§ DATA EXTRACT:
◆ ◆ ◆

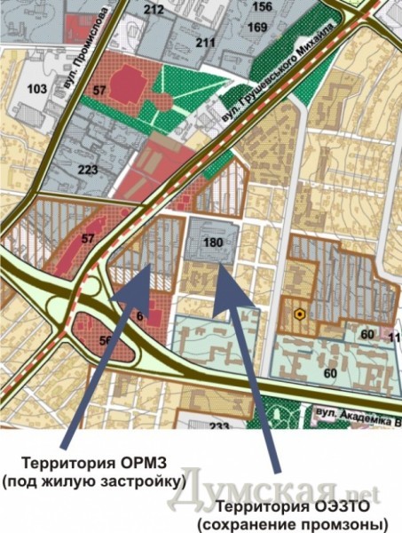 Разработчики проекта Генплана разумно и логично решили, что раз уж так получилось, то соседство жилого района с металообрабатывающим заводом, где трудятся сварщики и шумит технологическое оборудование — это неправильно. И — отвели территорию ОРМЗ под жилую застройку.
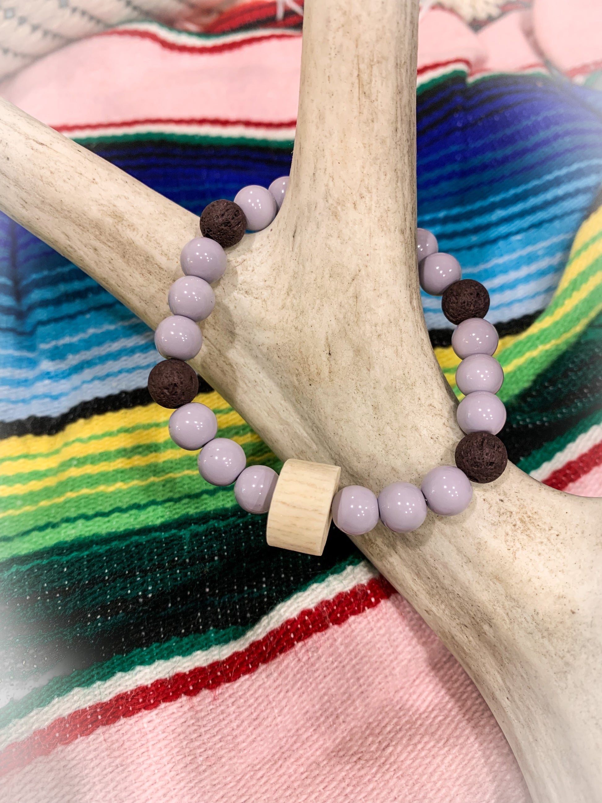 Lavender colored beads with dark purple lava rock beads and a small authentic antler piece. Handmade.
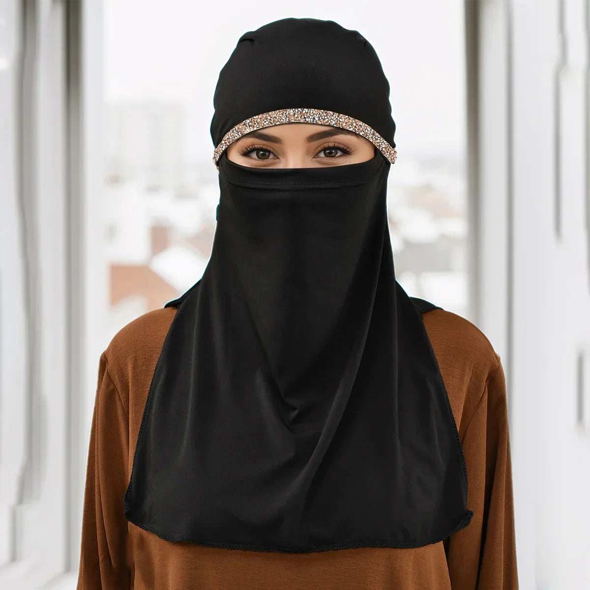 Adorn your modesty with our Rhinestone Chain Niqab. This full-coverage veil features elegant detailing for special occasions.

◆ ◆ ◆

§ WHAT YOU NEED TO DO: With the pictures excluded, restate word for word each line from the one that contains "Lavender colored beads" through the last line of the listing above.

§ WRITTEN REPLY:
 Lavender colored beads with dark purple lava rock beads and a small authentic antler piece. Handmade.
 Adorn your modesty with our Rhinestone Chain Niqab. This full-coverage veil features elegant detailing for special occasions.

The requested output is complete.